Quando usas a autenticação identidade gerida para saída para o armazenamento de Blobs do Azure, as tarefas do Stream Analytics têm acesso direto a uma conta de armazenamento sem usar uma cadeia de conexão. Esta funcionalidade melhora a segurança e permite-lhe escrever dados numa conta de armazenamento numa rede virtual (VNET) dentro do Azure.
Este artigo mostra-lhe como ativar a identidade gerida para as saídas Blob de um trabalho de Stream Analytics através do portal Azure e através de uma implementação do Azure Resource Manager.
Crie o trabalho de Stream Analytics usando o portal do Azure
Primeiro, crie uma identidade gerida para o seu emprego no Azure Stream Analytics.
No portal do Azure, abra seu trabalho do Azure Stream Analytics.

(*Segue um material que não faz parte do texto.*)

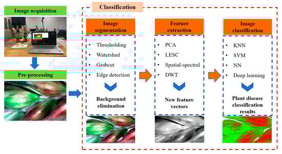 Image classification in hyperspectral image-based plant disease analysis includes techniques that classify data into a healthy category and different pathogen or disease severity categories. The aforementioned image segmentation and feature extraction methods are generally performed to improve the efficiency of data analysis, which may not always be necessary in plant disease detection. However, image classification is not a negligible step.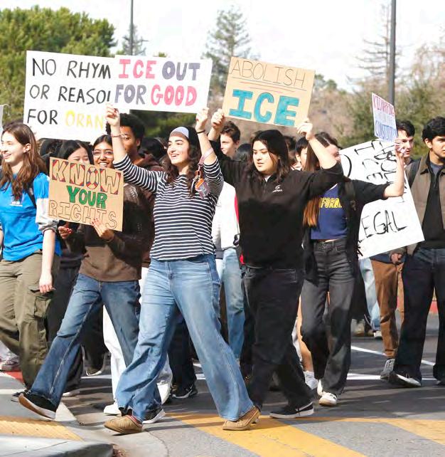 GUNN STUDENTS walk out of class yesterday to protest ICE. See story on PAGE 6. Photo by Paul Sakuma.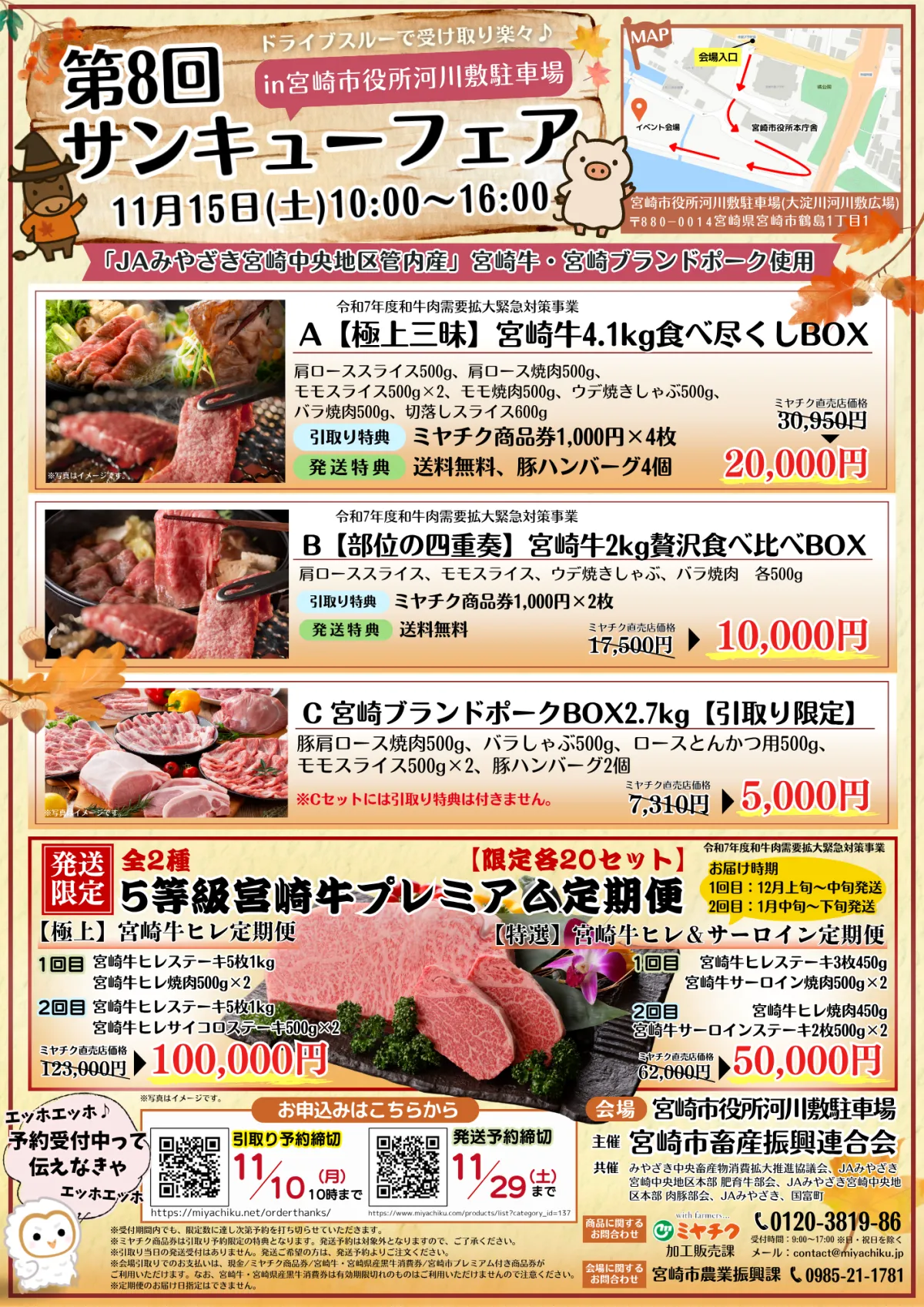 11月15日(土)、宮崎市役所河川敷駐車場にて「第8回 サンキューフェア」が開催されます。このイベントは、特別な年末年始の食卓を彩る宮崎牛やブランドポークをお得に購入できる絶好のチャンスです。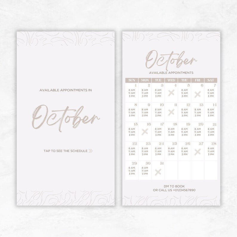 Monthly Availability Calendar Instagram Story Instagram Story Schedule
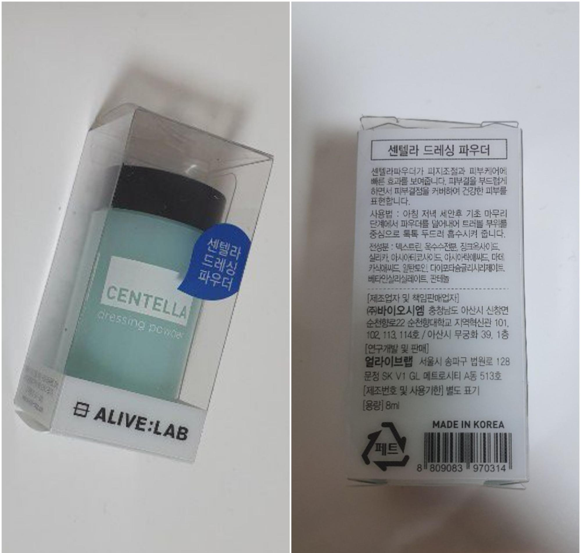 그 첫 번째는 바로 얼라이브 랩 센텔라 드레싱 파우더입니다.

No menu de navegação esquerdo, selecione Identidade gerenciada localizada em Configurar. Em seguida, marque a caixa ao lado de Usar identidade gerenciada atribuída pelo sistema e selecione Salvar.
O Azure cria um principal de serviço para a identidade do trabalho do Stream Analytics no Microsoft Entra ID. O Azure gere o ciclo de vida da identidade recém-criada. Quando elimina a tarefa de Stream Analytics, o Azure apaga automaticamente a identidade associada (ou seja, a entidade de serviço).

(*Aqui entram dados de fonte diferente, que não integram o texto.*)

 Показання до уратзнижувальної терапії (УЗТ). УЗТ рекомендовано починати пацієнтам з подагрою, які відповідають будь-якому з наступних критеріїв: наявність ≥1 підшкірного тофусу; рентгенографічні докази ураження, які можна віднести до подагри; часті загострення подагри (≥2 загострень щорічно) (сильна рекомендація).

Ao guardar a configuração, o ID do Objeto (OID) do principal de serviço aparece como o ID do Principal, conforme mostrado na secção seguinte:
A entidade de serviço tem o mesmo nome que o trabalho do Stream Analytics. Por exemplo, se o nome do cargo for
MyASAJob, o nome da entidade de serviço seráMyASAJob.
Implementação do Azure Resource Manager
Ao usar o Azure Resource Manager, pode automatizar totalmente a implementação do seu trabalho de Stream Analytics. Pode implementar modelos Resource Manager usando Azure PowerShell ou o CLI do Azure. Os exemplos seguintes utilizam a CLI do Azure.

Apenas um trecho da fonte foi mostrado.